● TASK
Line by line, transcribe the data below exactly and pass over the images.

═══ DATA FOR THE TASK

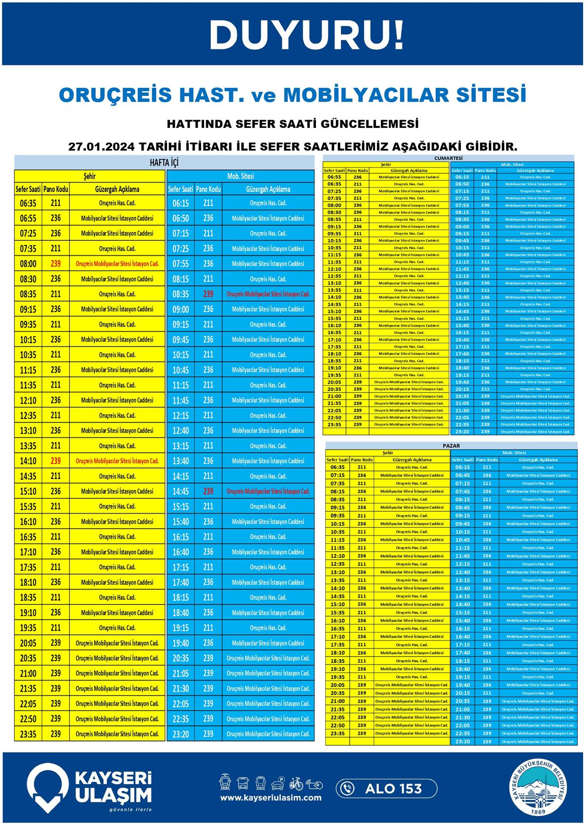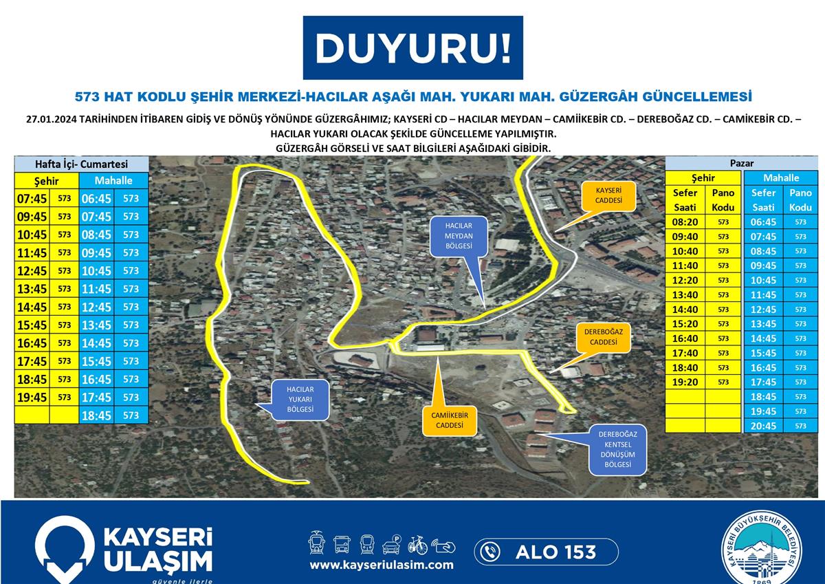 27-29 Ocak 2024 Tarihinden itibaren Bazı Sefer Saat ve Güzergah Güncellemeleri Yapılmıştır.
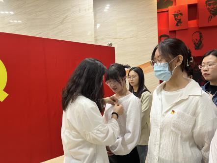 在结束参观学习后,大家一起来到纪念馆前厅。支部副书记李晶晶同志为新一批预备党员同志佩戴党徽。随后,在李晶晶带领下,大家在党旗下肃穆站立,右手高举握拳,庄严宣誓,再一次接受党性的洗礼,表达不忘初心、砥砺前行、为党的事业奋斗终生的决心。
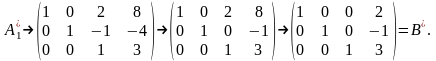 к элементам второй строки прибавим элементы первой строки и из элементов третьей строки вычтем элементы первой строки, в результате А* преобразуется к виду:
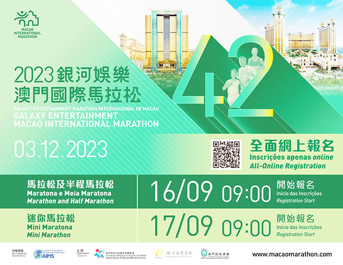 【特訊】由體育局、銀河娛樂集團及澳門田徑總會主辦的「2023銀河娛樂澳門國際馬拉松」將於本年12月3日(周日)舉行。馬拉松及半程馬拉松項目將於9月16日(周六)上午9時開始接受報名,而迷你馬拉松的報名將於9月17日(周日)上午9時開始,各項目報名名額為:馬拉松1,400名,半程馬拉松4,800名,迷你馬拉松5,800名。名額有限,報滿即止。
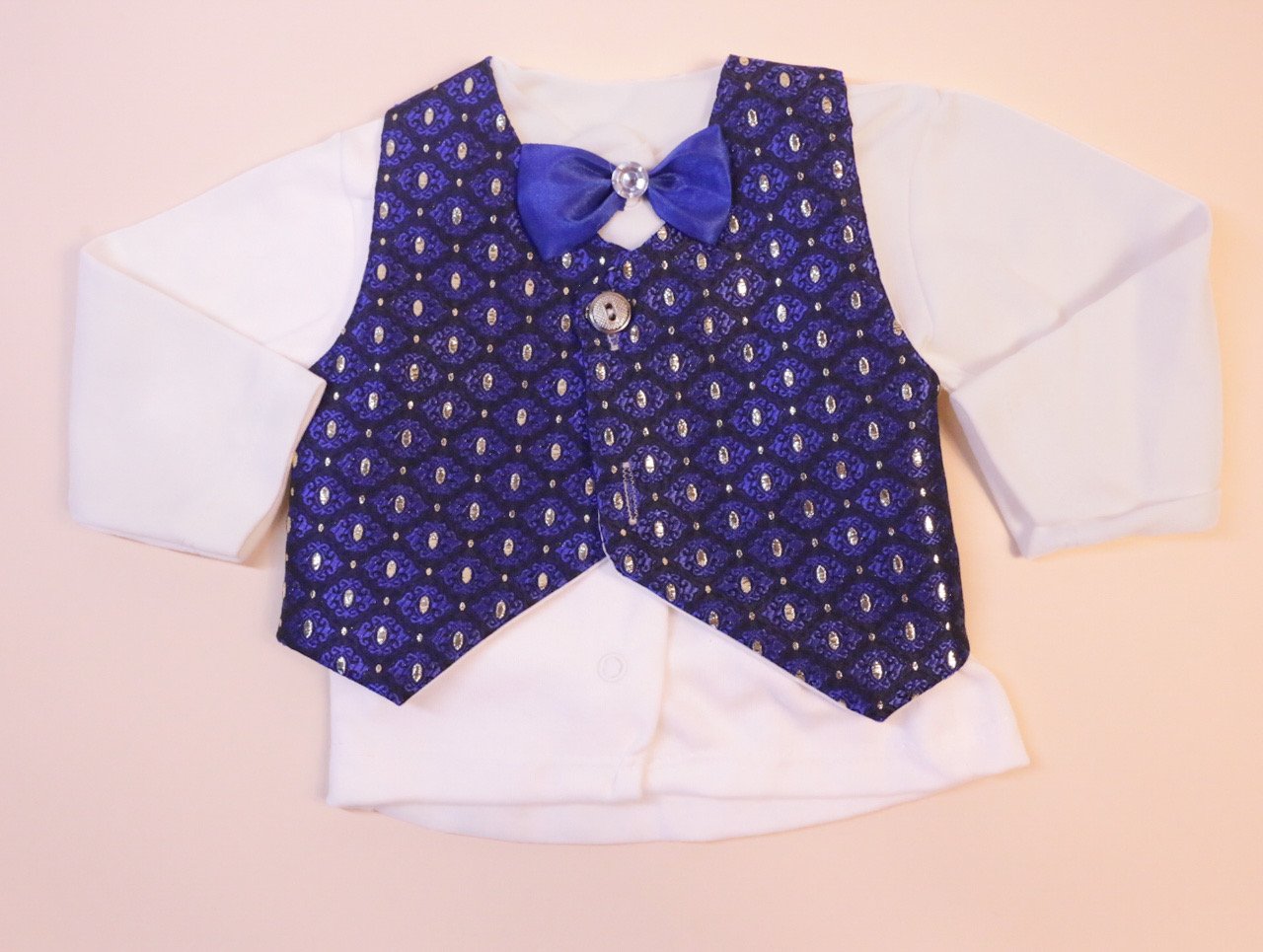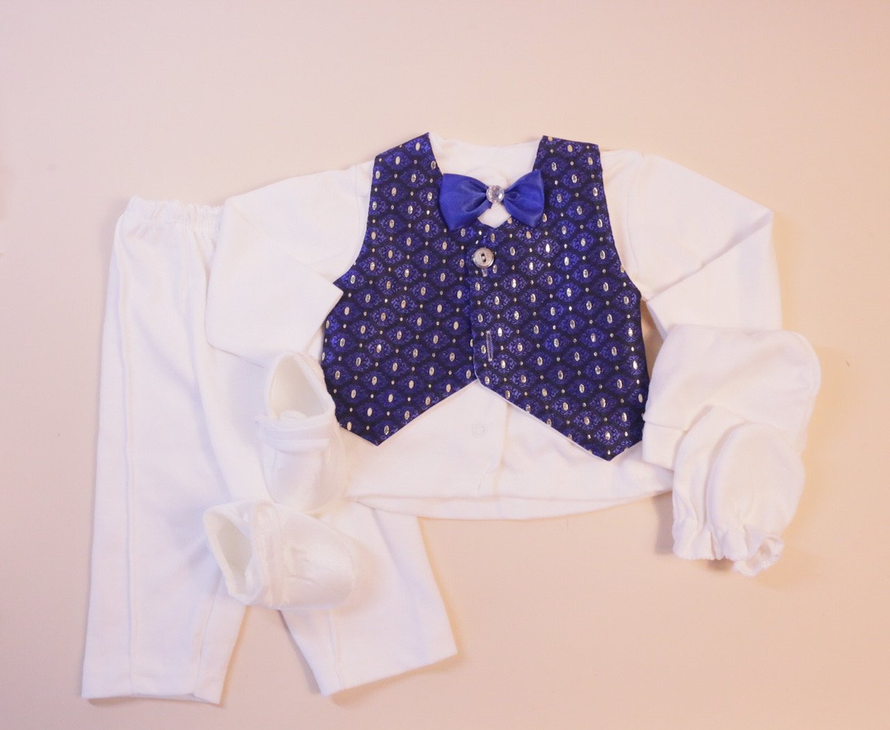 Alege un set adorabil pentru nou-născuți băieței 0-3 luni, cu bluză albă cu papion, vestă albastră, pantaloni, pantofiori, mănuși și căciuliță, toate din bumbac 100% moale și delicat.

══════

● EXPECTED ANSWER
 27-29 Ocak 2024 Tarihinden itibaren Bazı Sefer Saat ve Güzergah Güncellemeleri Yapılmıştır.
 在结束参观学习后,大家一起来到纪念馆前厅。支部副书记李晶晶同志为新一批预备党员同志佩戴党徽。随后,在李晶晶带领下,大家在党旗下肃穆站立,右手高举握拳,庄严宣誓,再一次接受党性的洗礼,表达不忘初心、砥砺前行、为党的事业奋斗终生的决心。
 к элементам второй строки прибавим элементы первой строки и из элементов третьей строки вычтем элементы первой строки, в результате А* преобразуется к виду:
 【特訊】由體育局、銀河娛樂集團及澳門田徑總會主辦的「2023銀河娛樂澳門國際馬拉松」將於本年12月3日(周日)舉行。馬拉松及半程馬拉松項目將於9月16日(周六)上午9時開始接受報名,而迷你馬拉松的報名將於9月17日(周日)上午9時開始,各項目報名名額為:馬拉松1,400名,半程馬拉松4,800名,迷你馬拉松5,800名。名額有限,報滿即止。
 Alege un set adorabil pentru nou-născuți băieței 0-3 luni, cu bluză albă cu papion, vestă albastră, pantaloni, pantofiori, mănuși și căciuliță, toate din bumbac 100% moale și delicat.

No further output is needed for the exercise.